Amelioration of cisplatin-induced acute kidney injury by recombinant neutrophil gelatinase-associated lipocalin

Abstract

We investigated the protective effect and mechanism of neutrophil gelatinase-associated lipocalin (NGAL) in a murine model of cisplatin-induced nephrotoxicity. Male Swiss-Webster mice were assigned to four groups (n = 10 in each group). Control mice received vehicle only. Mice in the experimental group were given a single intraperitoneal injection of cisplatin (20 mg/kg) to induce nephrotoxicity, and were divided into three groups. The first group received 100 μL of saline only via tail vein at the time of cisplatin administration. The second group was given biologically active recombinant NGAL via tail vein (250 μg/100 μL solution). The third group was injected with a 250 μg/100μL solution of inactivated NGAL. After 4 days, we measured serum creatinine and urinary N-acetyl-β-d-glucosaminidase (NAG), and performed histologic studies.
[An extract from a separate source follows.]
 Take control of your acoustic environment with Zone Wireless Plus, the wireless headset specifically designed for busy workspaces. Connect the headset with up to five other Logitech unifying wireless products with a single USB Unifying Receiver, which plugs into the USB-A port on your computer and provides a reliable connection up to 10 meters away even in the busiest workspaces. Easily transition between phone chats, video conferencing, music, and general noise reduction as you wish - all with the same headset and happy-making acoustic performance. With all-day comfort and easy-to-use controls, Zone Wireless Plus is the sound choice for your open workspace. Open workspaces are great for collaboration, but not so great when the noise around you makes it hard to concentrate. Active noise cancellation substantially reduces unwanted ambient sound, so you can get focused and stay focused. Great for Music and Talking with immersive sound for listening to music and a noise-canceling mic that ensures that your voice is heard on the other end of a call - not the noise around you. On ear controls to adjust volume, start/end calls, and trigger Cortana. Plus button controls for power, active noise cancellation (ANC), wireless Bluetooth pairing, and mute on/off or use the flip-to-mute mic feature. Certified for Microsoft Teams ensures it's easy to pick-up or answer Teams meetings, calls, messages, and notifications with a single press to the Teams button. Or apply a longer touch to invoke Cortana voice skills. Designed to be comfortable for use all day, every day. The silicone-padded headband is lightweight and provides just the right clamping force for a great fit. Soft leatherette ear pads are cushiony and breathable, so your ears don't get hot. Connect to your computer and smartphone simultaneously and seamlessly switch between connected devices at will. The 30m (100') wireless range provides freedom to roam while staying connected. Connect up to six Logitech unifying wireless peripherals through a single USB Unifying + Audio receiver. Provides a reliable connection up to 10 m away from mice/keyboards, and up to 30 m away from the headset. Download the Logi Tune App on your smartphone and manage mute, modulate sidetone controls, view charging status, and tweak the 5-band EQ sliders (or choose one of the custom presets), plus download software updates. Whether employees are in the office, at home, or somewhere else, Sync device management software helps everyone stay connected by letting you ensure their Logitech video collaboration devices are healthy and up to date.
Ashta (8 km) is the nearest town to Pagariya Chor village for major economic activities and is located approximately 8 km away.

Biologically active NGAL significantly blunted the rise in serum creatinine (NGAL plus cisplatin 1.33 ± 0.31 versus cisplatin alone 2.43 ± 0.31 mg/dL, p < .001) as well as the increase in urine NAG (NGAL plus cisplatin 60.7 ± 14.2 versus cisplatin alone 120.5 ± 22.5 units/gm creatinine, p < .005). In addition, NGAL conferred a marked reduction in tubule cell necrosis and apoptosis (NGAL plus cisplatin 6.9 ± 1.2 versus cisplatin alone 15.1 ± 3.4 TUNEL positive nuclei per 100 cells, p < .001). These beneficial effects were completely abolished when heat-inactivated NGAL was administered instead of the biologically active form. Since induction of NGAL in kidney tubules is a known physiologic response to cisplatin, the pharmacologic use of NGAL to prevent cisplatin nephrotoxicity is likely to be safe and effective.